The show at Pierre Peeters Gallery has all the characteristics of Morgan's work: bright blue sky, white clouds, lots of red and scenes populated by numbers of awkwardly drawn figures. The scenes have satiric intent and usually reflect the life of people in fringe communities near the sea. Waiheke used to be his stamping ground, now it is the Coromandel.
A typical Morgan painting is Let's Go Crazy, where a score of people in various stages of undress gather around a big table by the sea with yachts and launches in the background and islands offshore.
Although it is a festive gathering, the people are all absorbed in themselves. Some are making speeches.
One sees herself as the Virgin Mary, a fat lady lies nude on the grass under the table, young women disport themselves naked or in bikinis, a man in a jester's costume accepts the homage of a kneeling woman, a Goth in a top hat pats a sheep, and so the romp goes on.

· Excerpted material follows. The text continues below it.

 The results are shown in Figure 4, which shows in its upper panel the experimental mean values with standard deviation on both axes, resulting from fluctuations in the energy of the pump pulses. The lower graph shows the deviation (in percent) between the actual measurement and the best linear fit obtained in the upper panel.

These are all rawly caricatured but the islands offshore are delicately painted.
Sometimes the effect is comic, as in Will Triptavilamite affect my mind?, which is another table with a jug in the centre and people whose heads have blossomed into a bouquet. A presiding guru's nose has been lengthened, surely by telling lies.
The extreme case of the mix of social comment and intriguing landscape is a curious work called Rock and Roll Across New Zealand where the main road, filled with bustling cars, is elevated on stilts above a Waikato landscape.

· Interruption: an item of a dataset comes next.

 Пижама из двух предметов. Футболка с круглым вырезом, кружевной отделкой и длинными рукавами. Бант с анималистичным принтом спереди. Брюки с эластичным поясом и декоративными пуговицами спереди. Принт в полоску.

The landscape itself is carefully and precisely created with folding hills dotted here and there with farmhouses. The comment is sharp and the painting surprisingly accurate and convincing.
It is the high point of an exhibition full of oddity and not to everyone's taste, but one that somehow conveys a way of life and a point of view.
At the galleries
What: Diodic by Nick Wall
Where and when: Warwick Henderson Gallery, 32 Bath St, Parnell, until March 12
TJ says: Abstract paintings with intense colour and varied surfaces mostly in two parts that sometimes clash and sometimes chime.
What: That's Life by Mike Morgan
Where and when: Pierre Peeters Gallery, Habitat, 251 Parnell Rd, until March 6
TJ says: These paintings have a personality all their own and give a lively view of a fringe community, though the naive style has its limitations. Mothers' Day Out, by Mike Morgan, makes a social comment in a naive style.